I am a confirmed hardcore carnivore, but every once in a while I have to make some nice pasta dishes for a milchig dinner. Especially now that Shavuos is almost upon us… Here are two of my favorites:
Fettuccine Alfredo with Mushrooms
Ingredients
- 2 tablespoons butter
- 1 cup heavy cream
- 1 lb fettucine
- 1/2 cup freshly grated Parmesan cheese
- pinch of nutmeg
- salt and pepper to taste.
- 3/4 cup chopped shitake mushrooms
- 2 cloves garlic, chopped
- 1 cup shredded Mozarella
- Mix the butter and 2/3 cup of the heavy cream, bring to a boil over medium heat. Reduce heat and simmer gently for 2 minutes or until the cream has thickened slightly.
- Boil a large pan of lightly salted water, over medium heat.
- Add the pasta, bring back to a boil and cook for 9 minutes or until tender but still firm to the bite. Drain pasta thoroughly, return to pan, pour in the sauce (from step 1)
- Toss the pasta in the sauce, over a low fire, until thoroughly coated. Add the remaining 1/3 cup of heavy cream, the shredded Mozarella, nutmeg, mushrooms, salt and pepper to taste. Toss the pasta thoroughly in the whole mixture while on a low flame.
- While pasta is cooking, sauté the mushrooms and garlic in a little bit of oil, until garlic pieces are golden brown.
- Put the pasta mixture on a large warmed serving plate. Add the sautéed mushrooms and garlic. Serve and sprinkle generously with the grated Parmesan cheese.
Serves 4
Vegetable Cannelloni
Ingredients
- 12 cannelloni
- 1 eggplant
- 1/2 cup fresh spinach
- 2 garlic cloves, chopped
- 1 tsp cumin
- 1 1/4 cup chopped mushrooms
- salt and pepper
- Basil, to garnish
Tomato Sauce
- 1 tablespoon olive oil
- 1 onion, chopped
- 2 garlic cloves, chopped
- 1 lb 12 ozs canned chopped tomatoes
- 1 teaspoon 10x confectioners sugar
- 2 tablespoons chopped fresh basil
- 4 Mozzarella slices
Directions
- In a large pan boil some lightly salted water. Add the cannelloni, return to a boil and cook for another 9 minutes or until tender but still firm to the bite. Put pasta in a plate and pat dry with paper towels.
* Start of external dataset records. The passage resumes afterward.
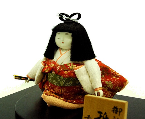 日本人形 5号 御所雅 扇子 3301 幸一光作 ケース入 巾28×奥21×高さ21cm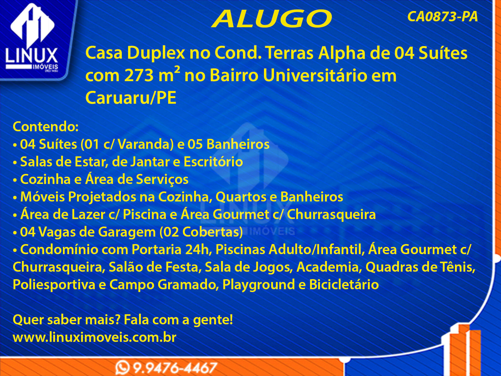 R$13.000,00 / ALUGUELCasa Duplex no Cond. Terras Alpha p/ Locação (CA0873-PA)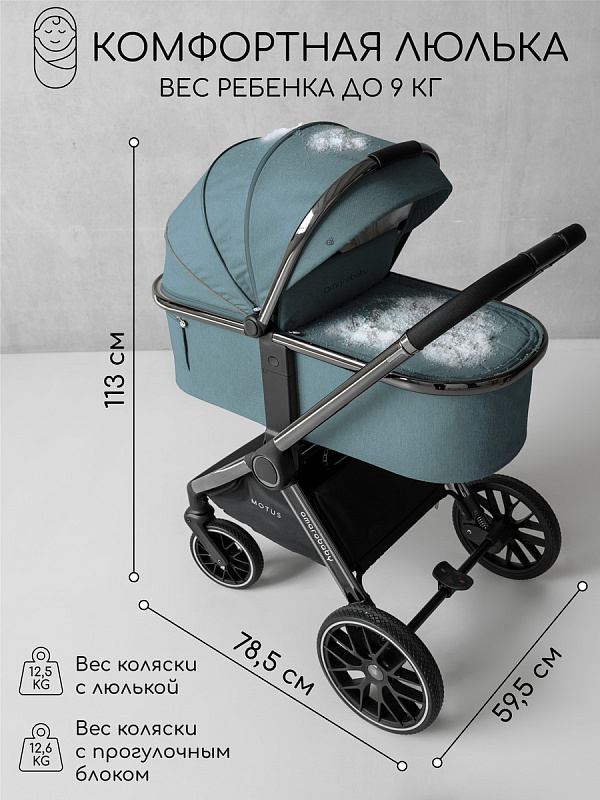 Детская коляска AmaroBaby Motus V2 2 в 1 бирюзовый

- Cut the eggplant into small dice. Heat the oil in a skillet over medium heat. add the eggplant, stir frequently while cooking for about three minutes.
- Add spinach, garlic, cumin and mushrooms. Reduce the heat. Season with pepper and salt to taste. Cooking for 2 to 3 minutes stirring constantly. Spoon the mixture into the cannelloni. Arrange cannelloni in a casserole in a single layer.
- To make the sauce, heat oil in a pan over medium heat. Add the onion and garlic, cook for 1 minute. Add the tomatoes, sugar and basil. Bring to boil. Reduce heat and simmer gently for 5 minutes. Spoon the sauce over cannelloni.
- Arrange the Mozzarella slices over the sauce and bake in 375 F. preheated oven for 30 minutes or until cheese is golden brown and bubbling. serve hot garnished with a prig of basil.